A vista così mirabile e divina, quanto mai restasse la povera anima mia sopraffatta da tanto splendore divino, io non so spiegarlo, quali fossero i miei accenti, quali fossero le mie parole non saprei dirlo, quali fossero gli affetti del povero mio cuore non so di certo rintracciarli, quali e quanti fossero i devoti miei sentimenti verso Dio, non so di certo manifestarlo. Mi umiliai, mi sprofondai nel proprio mio nulla, mi prostrai genuflessa ai suoi piedi, e in spirito e verità tutta al divino infante mi consacrai, tutta a Gesù Bambino mi donai, godendo di una vista sì amabile e cara, mi scordai affatto di tutte le miserie di questo basso mondo e di tutti gli abitanti di esso.

Godevo un vero paradiso di contento, che comunicato mi veniva da quella luce inaccessibile e divina. Quando godevo di questo grande bene inarrabile ed incomprensibile, fui sopraffatta da un santo timore di perderlo, ricordandomi di essere ancora viatrice su questa misera terra ed in pericolo di perdere questo gran bene, e perderlo ancora per sempre.

A questa riflessione qual fosse la pena mia a Dio solo è nota, mentre io non la so esprimere; una dirotta pioggia di lacrime dagli occhi versai, dalla pena che con affannosi sospiri, mi rivolsi al mio Bambinello Signore e gli dissi: «O Gesù mio, chi mi assicura di possedermi per sempre? Voi solo potete darmi questa sicurezza! Ah non tardate più di assicurare il mio povero cuore, voi ben conoscete quanto grande è la pena mia, ah, Gesù caro, vi prego, per l’amore che mi dimostrate nel vostro santo Natale, di darmi la sicurezza che io per sempre vi amerò, sì che vi voglio amare e amare per sempre, e per tutta l’interminabile eternità. Questa grazia la voglio, Gesù mio, non me la negate per carità, perché voi mi vedrete morire ai vostri santissimi piedi, per il grande desiderio che io sento di amarvi».

Con queste ed altre simili espressioni il mio povero cuore era tutto infiammato di santa carità, e così acceso del santo amore di Dio, che più non poteva contenerlo. Ero fuori di me stessa, ed in questa situazione andavo ripetendo: «Gesù mio, datemi la sicurezza di amarvi e di amarvi in eterno. E se per mia somma disgrazia non vi avessi ad amare per l’eternità, vi prego, vi supplico di levarmi la vita in questo momento che per pura vostra misericordia la povera anima mia vi ama e vi ama di cuore. Voi lo vedete, voi lo sapete se in questo momento vi amo! Vi prego di aver pietà del mio cuore, che già per il passato feriste del vostro santo amore».
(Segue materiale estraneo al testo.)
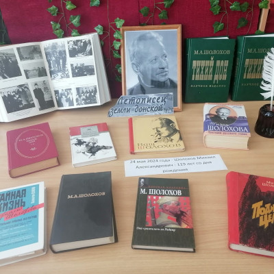 Михаил Шолохов родился 11 (24) мая 1905 года на хуторе Кружилин (ныне Ростовская обл.) в семье служащего торгового предприятия. Советником директора по воспитанию и взаимодействию с детскими общественными объединениями КунахИ.В. совместно с активом обучающихся и библиотекарем (с) библиотеки Гужовой Ю.Ю. организована литературная выставка «Шолоховский уголок», посвященная жизни и творчеству донского писателя. Проведена акция "Школьный кинотеатр - смотрим всем классом. Просмотр фильмов "Нахалёнок", "Судьба человека", "Они сражались за Родину".
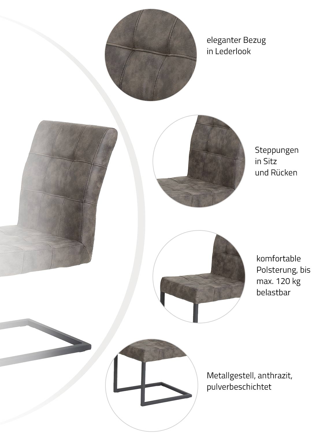 Moderner Schwingstuhl im angesagten Look - Eine optimale Ergänzung für Ihren Wohnraum! Der trendige Schwingstuhl DONNA überzeugt auf den ersten Blick durch sein modernes Design im Lederlook in Braun. Die eleganten Steppungen verleihen dem Stuhl eine edle Note und setzen dekorative Akzente, die sich perfekt in unterschiedliche Einrichtungsstile einfügen. Das pulverbeschichtete Metallgestell in Anthrazit sorgt nicht nur für einen modernen Kontrast, sondern garantiert auch Stabilität. Die zeitlose Farbkombination aus Braun im Lederlook und anthrazitfarbenem Metallgestell lässt sich hervorragend mit vielen Einrichtungsideen im Esszimmer kombinieren - von modern bis klassisch. Dank seiner robusten Verarbeitung besitzt der Freischwinger eine Belastbarkeit von bis ca. 120 kg. Die charakteristische Freischwinger-Form ermöglicht ein angenehmes, flexibles Federn und sorgt so für zusätzlichen Sitzkomfort. Mit seiner ergonomischen Sitzform und angenehmen Rückenhöhe bietet der Schwingstuhl DONNA optimalen Halt für Rücken und verschiedene Körperzonen. So genießen Sie entspannte Stunden mit Ihrer Familie oder Gästen am Esstisch. Bestellen Sie noch heute online Ihren neuen Schwingstuhl oder besuchen Sie uns in einer unserer Filialen. Wir freuen uns auf Ihren Besuch!
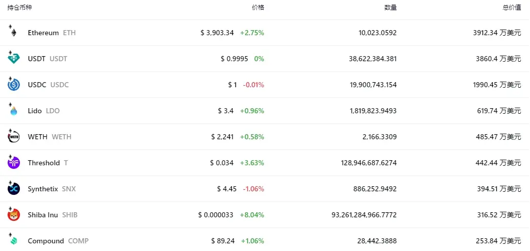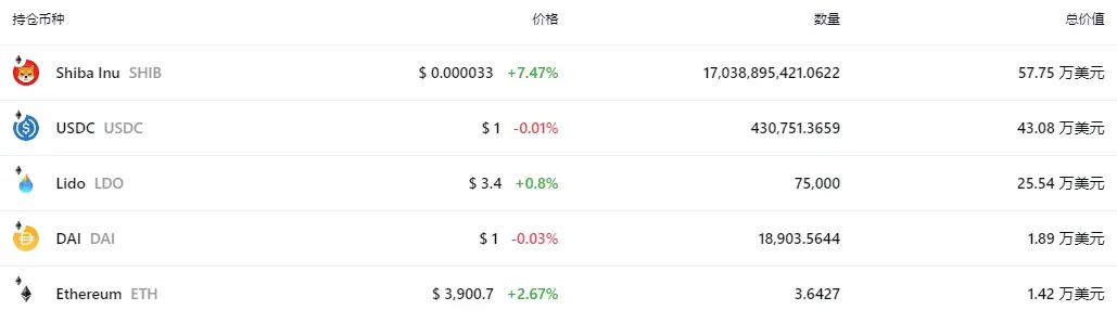 Jump Trading 从芝商所(CME)交易池中起步,逐步成长为一家以研究为导向的量化交易公司。据 Rootdata 统计的 34 个 Jump Trading 链上地址,Jump Trading 链上持有多个币种,截止发文前,总价值约 1.35 亿美元,占比最多的是 ETH(约 3500 万美元),还包括 SHIB、LINA 等代币。

Fatte queste espressioni, non potendo più reggere, né contenere l’amore e la santa carità che faceva dolce strazio del mio povero cuore, mi abbandonai in braccio del medesimo amore, acciocché facesse dolce scempio di me.

62.5. Ho scolpito nel tuo cuore il mio nome


In questo tempo fui rapita da dolcissimo sonno, e l’anima mia godeva una perfetta quiete di soavità ripiena; in questo tempo che dolcemente riposavo, tornai a vedere il divino infante, il mio caro Gesù, che nelle sue mani divine teneva il mio cuore. Scolpito in esso cuore vedevo a caratteri d’oro ed indelebili il nome santissimo di Gesù e sentivo dirmi: «Vivi sicura che, mi amerai, e mi amerai per sempre, ho scolpito nel tuo cuore il mio nome, non potrai dimenticarlo giammai».

Queste amorose parole furono per me di tanta consolazione, che restai pienamente contenta, rendendo infinite grazie al Signore, che si fosse per sua infinita bontà compiaciuto di appagare le ardenti mie brame, umiliandomi profondamente per la grazia ricevuta riconoscendomi affatto indegna, resi le dovute grazie al Signore.

Il giorno 27 dicembre 1821, avevo passato questi tre giorni in una perfetta quiete e in una pace di paradiso, godendo nell’anima una dolcezza tutta spirituale, mi sentivo tutta trasportata dal santo amore di Dio, non avendo altro pensiero che perfezionare la mia povera anima, per renderla così grata al suo amorosissimo Dio.